→ Data for analysis:
* * *

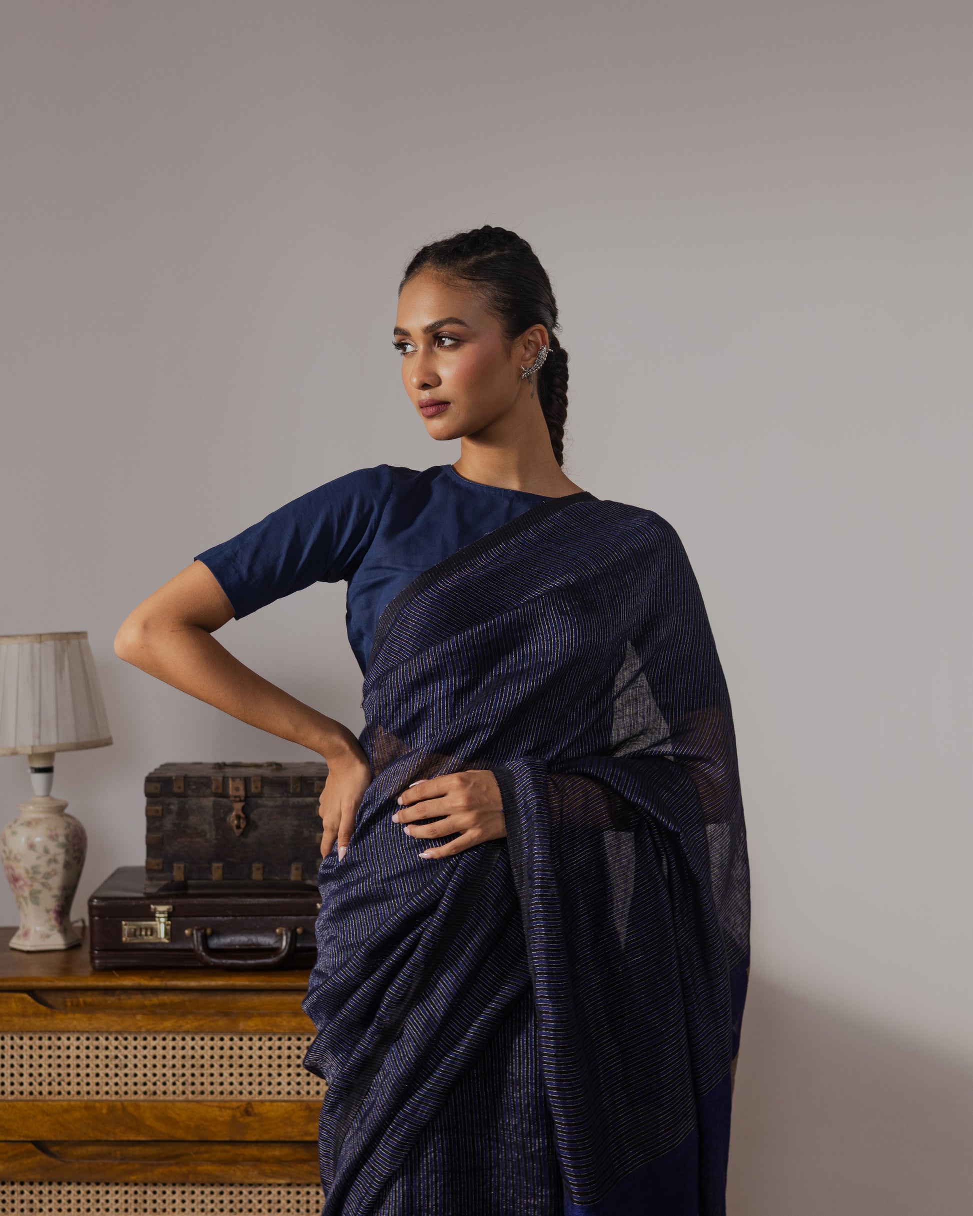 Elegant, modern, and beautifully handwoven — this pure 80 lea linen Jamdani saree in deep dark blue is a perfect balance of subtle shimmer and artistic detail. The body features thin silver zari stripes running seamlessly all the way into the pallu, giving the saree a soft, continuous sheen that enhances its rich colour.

* * *

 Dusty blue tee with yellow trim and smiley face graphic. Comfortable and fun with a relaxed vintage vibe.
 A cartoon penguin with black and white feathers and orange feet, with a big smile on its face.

* * *

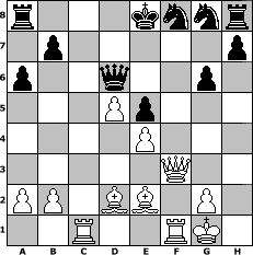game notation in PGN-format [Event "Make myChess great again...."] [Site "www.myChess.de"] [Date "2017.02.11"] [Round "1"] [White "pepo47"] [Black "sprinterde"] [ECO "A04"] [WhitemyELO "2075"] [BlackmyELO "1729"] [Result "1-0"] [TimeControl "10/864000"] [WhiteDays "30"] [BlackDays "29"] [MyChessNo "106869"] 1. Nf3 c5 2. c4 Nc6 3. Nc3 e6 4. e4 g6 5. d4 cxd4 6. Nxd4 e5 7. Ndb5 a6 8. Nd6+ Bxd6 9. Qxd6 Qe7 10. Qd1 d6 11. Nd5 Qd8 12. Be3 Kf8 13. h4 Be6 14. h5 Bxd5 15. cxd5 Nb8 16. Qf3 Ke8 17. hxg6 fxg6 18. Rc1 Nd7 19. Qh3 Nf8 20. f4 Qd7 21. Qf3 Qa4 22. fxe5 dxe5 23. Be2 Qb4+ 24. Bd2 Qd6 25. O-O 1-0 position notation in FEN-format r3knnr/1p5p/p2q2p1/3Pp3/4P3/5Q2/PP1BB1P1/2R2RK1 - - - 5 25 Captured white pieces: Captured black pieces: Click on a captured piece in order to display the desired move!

* * *

→ The task:
Given the data above, transcribe exactly the lines from the one containing "Dusty blue tee" down to the one containing "A cartoon penguin", and no others.

→ Worked solution:
 Dusty blue tee with yellow trim and smiley face graphic. Comfortable and fun with a relaxed vintage vibe.
 A cartoon penguin with black and white feathers and orange feet, with a big smile on its face.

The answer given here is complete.